The postmodern claim of ‘multiple truths’ or ‘no-truth’ concepts ultimately lead the forthcoming generation to search for a single consolidated truth element that could relieve them from the turbulence of multiple and alternative facts that they collect from the fast pacing move of the media. The social media expose the present generation whom Mark Prensky calls ‘Digital Native’ to millions of facts and a number of theories and twice a number of controversial theories leaving them in a messy state. It is an acknowledged fact that both the postmodern theorist and the Post-Truth expertise admit that surplus of information lead to loss of the ‘Real’. The quest for reality, truth and ethics will be the future concern of the society which is the result of the current post-truth phenomenon, may either be treated as a reaction to postmodernism or an extension to the same.
Works Cited
- Bertens, Hans. The Idea of the Postmodern: A History. London: Routledge, 1995. Print.

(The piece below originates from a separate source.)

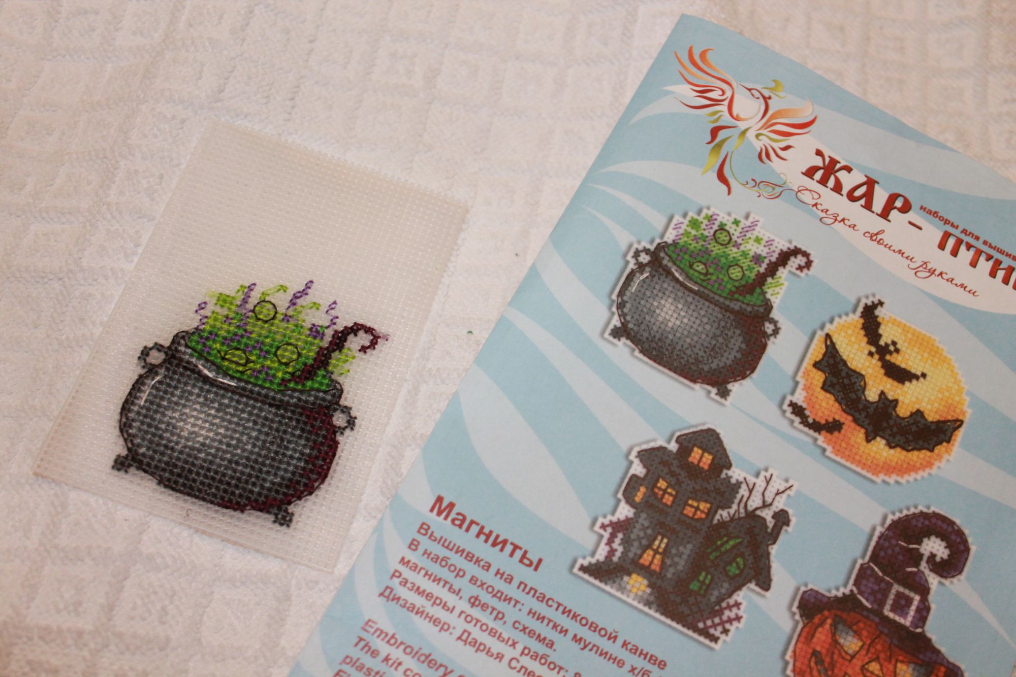 2 октября 2019 Всем доброго здравия В очередной раз пропустила недельный отчёт и сегодня будет много фоток С чего бы начать, а начну-ка я с новых-завершённых и старых-завершённых, и новых процессов дочери) главное не запутаться))) Дочь с пластиковой канвой сроднилась) она вышивает, я же вырезаю и сшиваю или приклеиваю фетр) Завершён Домик тыква по карточке Готов Оленёнок от МП Студия А Пряничный домик на стадии сшивания И приступим к новенькому. Прошу любить и жаловать Ворона из каталога 2019 "Осенние идеи" . В место канвы взяли пластиковую, по ключу ниточки Гамма 8цв, но мы заменили на ниточки СХС. Крест и бэк. И получилась эта красотка 9,5х6,5 см. И следом из этого же каталога Улитки. Так же на пластиковой канве. Мулине Гамму заменили на СХС, 15 цв., крест, полукрест и бэк. Размер готовой работы 10,5х11,5 см. Далее Весёлые страшилки магниты от МП Студия. В наборе пластиковая полупрозрачная канва, мулине 15 цв и 2 бленда из них, ч/б схема, белый фетр на заднюю сторону и магнит. И котёл уже готов И конечно же начат процесс на равномерке, а точнее на Мурано "Винтажный зелёный" из лимитированной коллекции. Весенний дракончик по схеме дизайнера Надежды Казариной. По ключу 26 цв дмс + 6 блендов из них, стежки: крест, полукрест в две нити; бэк в одну нить и в две, фрузики в одну нить. Размер готовой работы на 32 ct 20х21 см. продолжение следует... Светкин, Наталья2013, Egelia и 24 других сказали спасибо Поделиться сообщением Ссылка на сообщение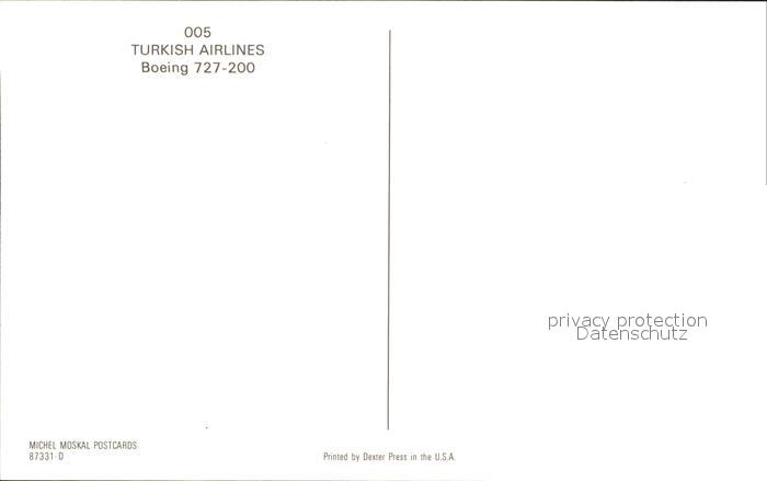 Flugzeuge Zivil Turkish Airlines Boeing 727-200 postalisch nicht gelaufen Erhaltung siehe scans

- Kiel, Douglas L. and Euel Elliott. Chaos Theory in the Social Sciences: Foundations and Applications. Ann Arbor: University of Michigan Press, 1996. Print.
- Jameson, Frederic. “Postmodernism and consumer society.” The Edinburgh Encyclopaedia of Modern Criticism and Theory. Ed. Julian Wolfrey. Edinburgh: Edinburgh University Press, 2002. Print.
- Jean Baudrillard: Selected Writings. Ed. Mark Poster. Stratford: Stratford University Press, 1988. Print.
- Orwell, George. Nineteen Eighty-Four. London: Orient Longman, 2001. Print.
- Toffler, Alvin. Future Shock. New York: Bantam Books, 1971. Print.